The dependencies on the Linux kernel can be broadly categorized into 4 classes – resource constraining, security, networking, and storage.  Resource constraining features allow container creators to place restrictions on container environments like memory usage, cpu, etc.,.  Security features allow security policies to be applied on containers.  Networking features allow for the SDN networking features provided by Docker.  Storage features allow Docker to support volumes, and various storage backends.

Kernel dependencies for Docker
Kernel dependencies for Docker

Let us now examine each of these dependencies in brief.

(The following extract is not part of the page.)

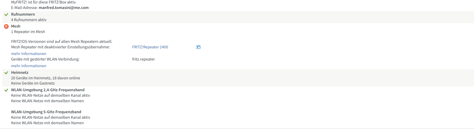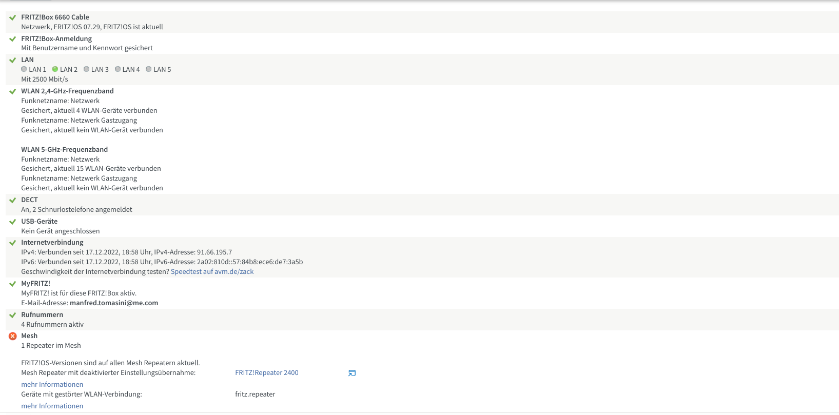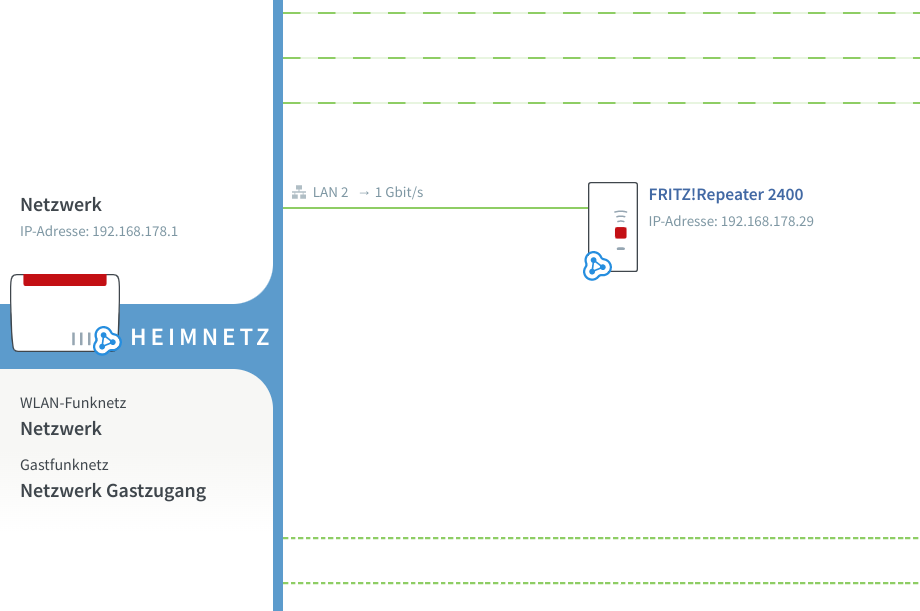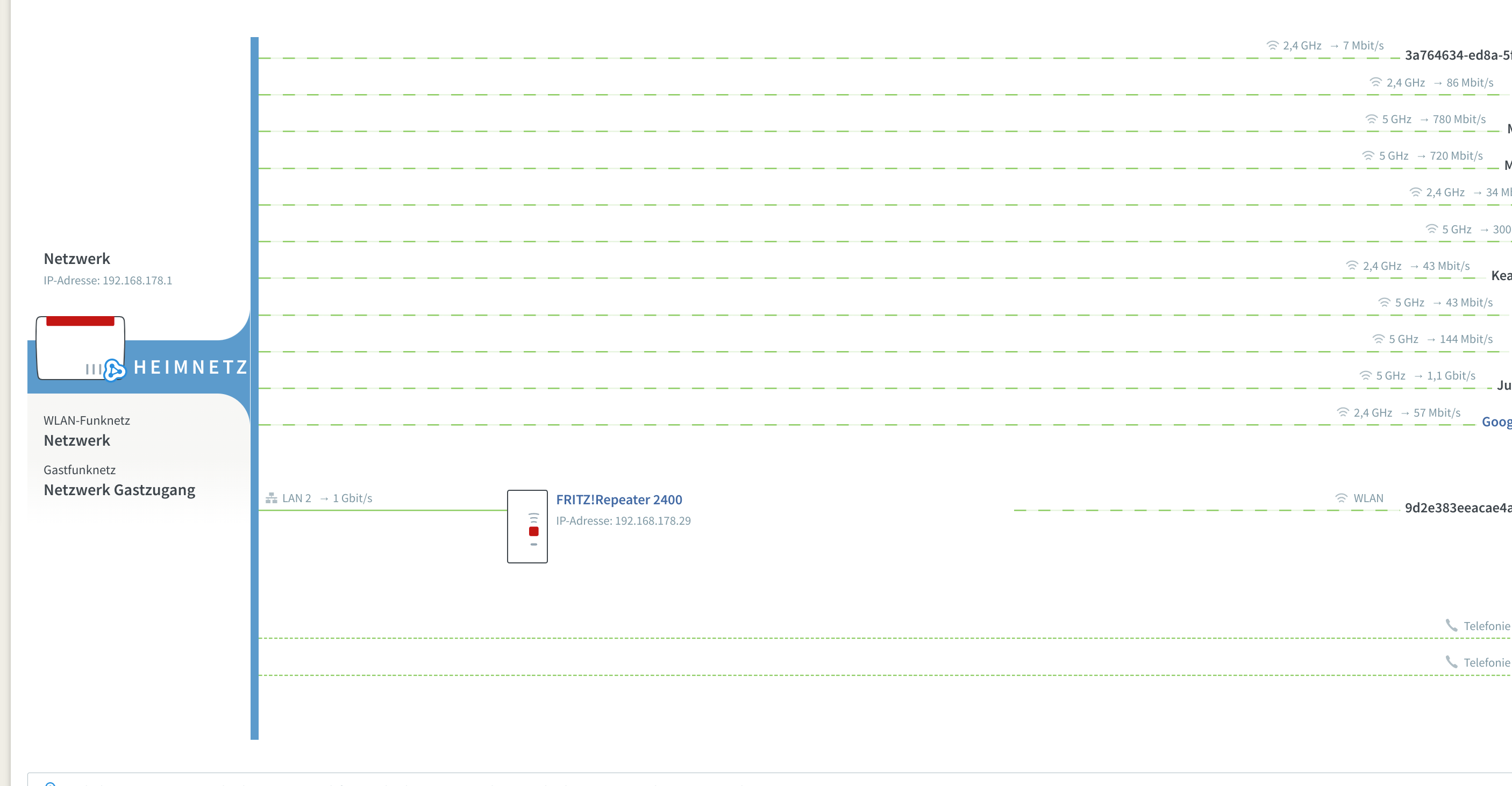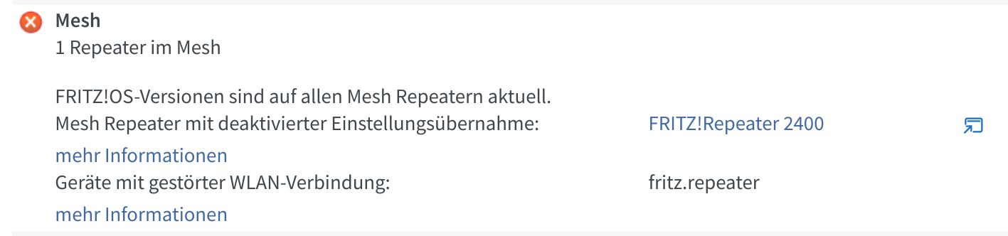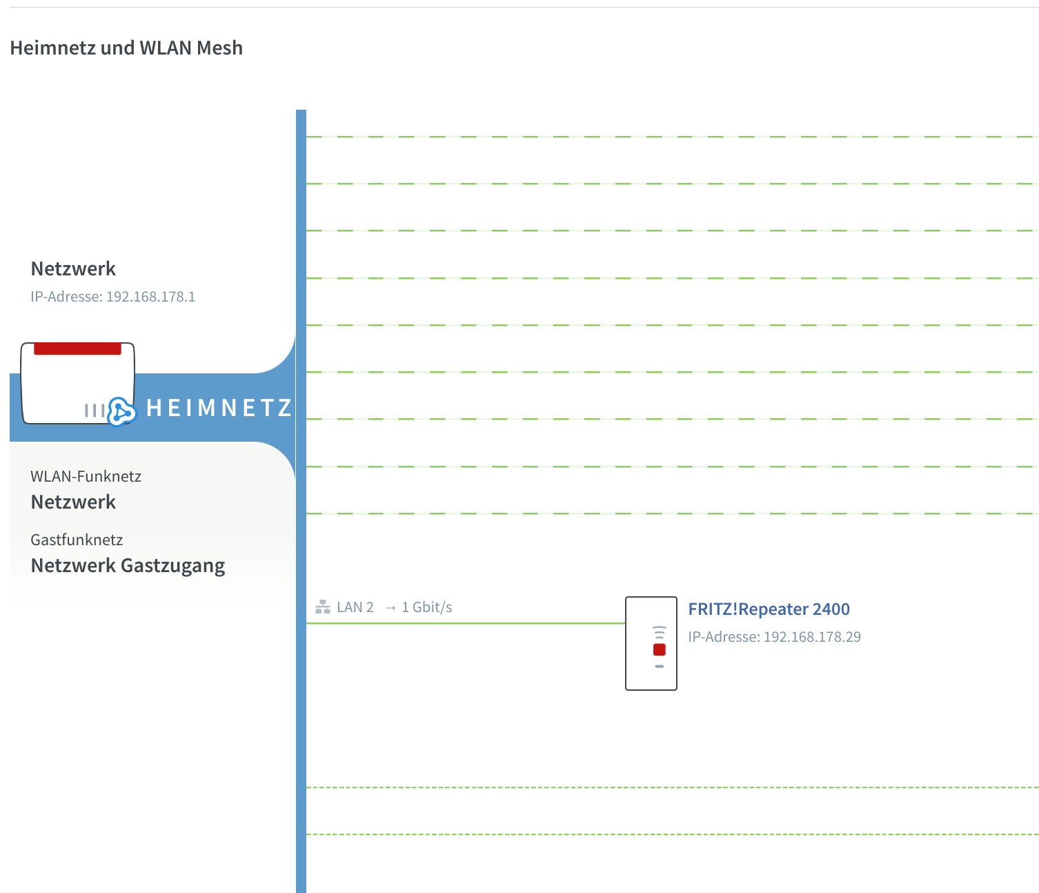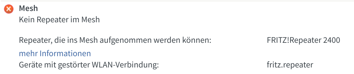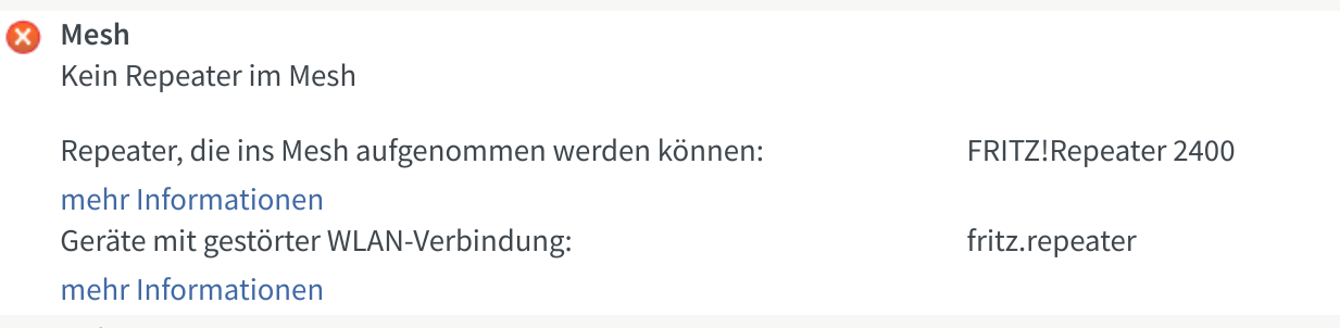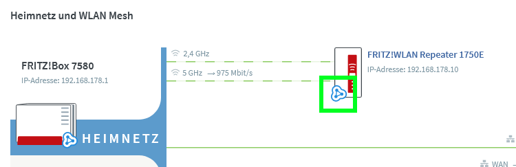 Im Erdgeschoss gibt es eine Fritz 6660. im 2OG haben wir einen Fritz Repeater 2400. Dieser ist als Access Point (Fritz nennt das LAN Brücke) eingebunden ins Mesh.

3. Resource constraining dependencies

3.1 Control groups a.k.a cgroups

Control groups, or cgroups, is a kernel feature to constrain the resource usage of a process or a set of processes.  This provides Docker with 4 main features:

  • Limit resources (CPI, memory, network, disk I/O, …) to user-defined processes.
  • Prioritize resources to processes (a set of processes will get more resources than another set).
  • Measure resource usage for billing purposes.
  • Control a group of processes.

The docker run command is used to manipulate resources allocated to a container. For instance, docker run --cpu-shares=<value> sets the cpu share allocated to a container (every container gets 1024 shares by default). docker run --cpuset-cpus=<value> sets the CPU core on which the container would be run. Do look at this insightful article for some examples of manipulating cgroups settings for Docker containers.

3.2 Namespaces

Namespaces is a kernel feature that provides lightweight process virtualization to containers.  This helps Docker to isolate these resources for a container – process IDs, hostnames, user IDs, network access, IPC and filesystems. Docker combines namespaces and cgroups to isolate resources for containers and place resource usage constraints.  These namespaces are used to isolate containers – Process ID (pid), Network (net), Mount (mnt), Hostname (uts), Shared Memory (ipc).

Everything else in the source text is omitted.